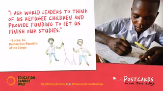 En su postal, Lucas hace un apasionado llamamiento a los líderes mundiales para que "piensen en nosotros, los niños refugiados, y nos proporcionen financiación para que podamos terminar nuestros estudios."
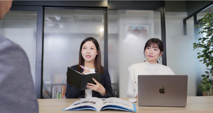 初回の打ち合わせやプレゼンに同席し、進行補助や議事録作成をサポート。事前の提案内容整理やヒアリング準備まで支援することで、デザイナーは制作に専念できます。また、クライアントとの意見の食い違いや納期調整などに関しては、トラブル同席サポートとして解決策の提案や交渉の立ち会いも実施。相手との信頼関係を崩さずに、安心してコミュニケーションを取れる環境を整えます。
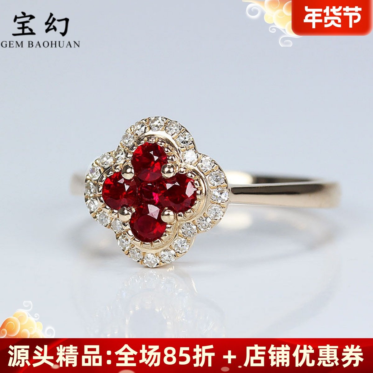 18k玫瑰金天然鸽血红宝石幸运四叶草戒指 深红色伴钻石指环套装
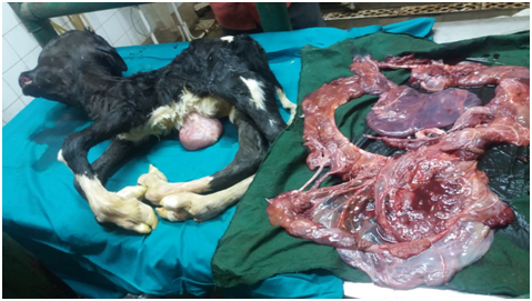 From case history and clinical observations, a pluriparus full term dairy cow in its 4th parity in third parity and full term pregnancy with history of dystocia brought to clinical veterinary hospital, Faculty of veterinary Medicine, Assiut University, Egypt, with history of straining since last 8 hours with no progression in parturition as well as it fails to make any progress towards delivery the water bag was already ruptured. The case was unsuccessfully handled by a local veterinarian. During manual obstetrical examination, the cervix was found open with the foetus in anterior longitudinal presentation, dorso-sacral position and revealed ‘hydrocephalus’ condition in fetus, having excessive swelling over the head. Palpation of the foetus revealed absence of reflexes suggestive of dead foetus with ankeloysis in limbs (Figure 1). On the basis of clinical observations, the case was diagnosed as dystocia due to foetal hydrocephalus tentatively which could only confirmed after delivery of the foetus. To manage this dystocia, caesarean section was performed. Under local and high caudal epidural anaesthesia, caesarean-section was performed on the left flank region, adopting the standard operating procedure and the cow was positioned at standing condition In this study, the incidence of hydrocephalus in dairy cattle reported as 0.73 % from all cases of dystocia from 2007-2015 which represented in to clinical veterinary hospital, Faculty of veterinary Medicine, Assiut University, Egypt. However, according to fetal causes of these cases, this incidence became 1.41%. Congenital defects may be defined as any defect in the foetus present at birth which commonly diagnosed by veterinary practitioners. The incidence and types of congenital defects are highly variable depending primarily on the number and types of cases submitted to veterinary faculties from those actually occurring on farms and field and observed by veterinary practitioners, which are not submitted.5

...

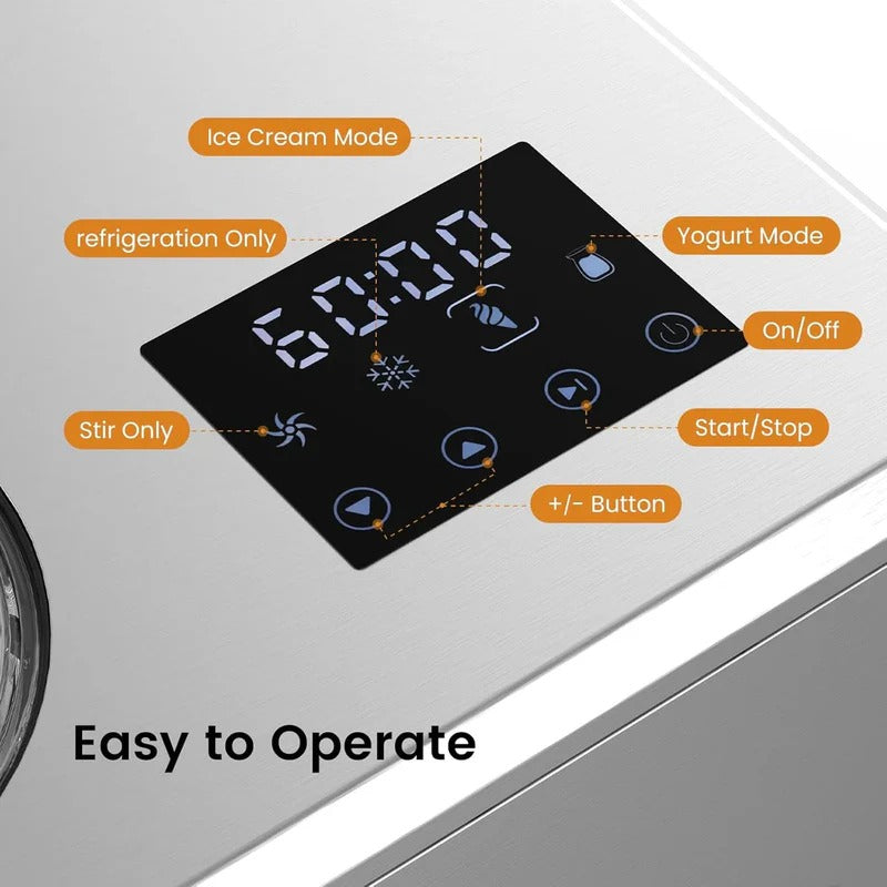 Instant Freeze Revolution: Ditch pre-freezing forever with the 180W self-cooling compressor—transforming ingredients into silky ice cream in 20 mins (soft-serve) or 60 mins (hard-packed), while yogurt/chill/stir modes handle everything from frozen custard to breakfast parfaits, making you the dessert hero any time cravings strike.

» Task description
Word for word, retype the lines in the entries above that run from the one with "En su postal, Lucas" through the one with "18k玫瑰金天然鸽血红宝石幸运四叶草戒指 深红色伴钻石指环套装". Both ends count; pictures do not.

» Your solution
 En su postal, Lucas hace un apasionado llamamiento a los líderes mundiales para que "piensen en nosotros, los niños refugiados, y nos proporcionen financiación para que podamos terminar nuestros estudios."
 初回の打ち合わせやプレゼンに同席し、進行補助や議事録作成をサポート。事前の提案内容整理やヒアリング準備まで支援することで、デザイナーは制作に専念できます。また、クライアントとの意見の食い違いや納期調整などに関しては、トラブル同席サポートとして解決策の提案や交渉の立ち会いも実施。相手との信頼関係を崩さずに、安心してコミュニケーションを取れる環境を整えます。
 18k玫瑰金天然鸽血红宝石幸运四叶草戒指 深红色伴钻石指环套装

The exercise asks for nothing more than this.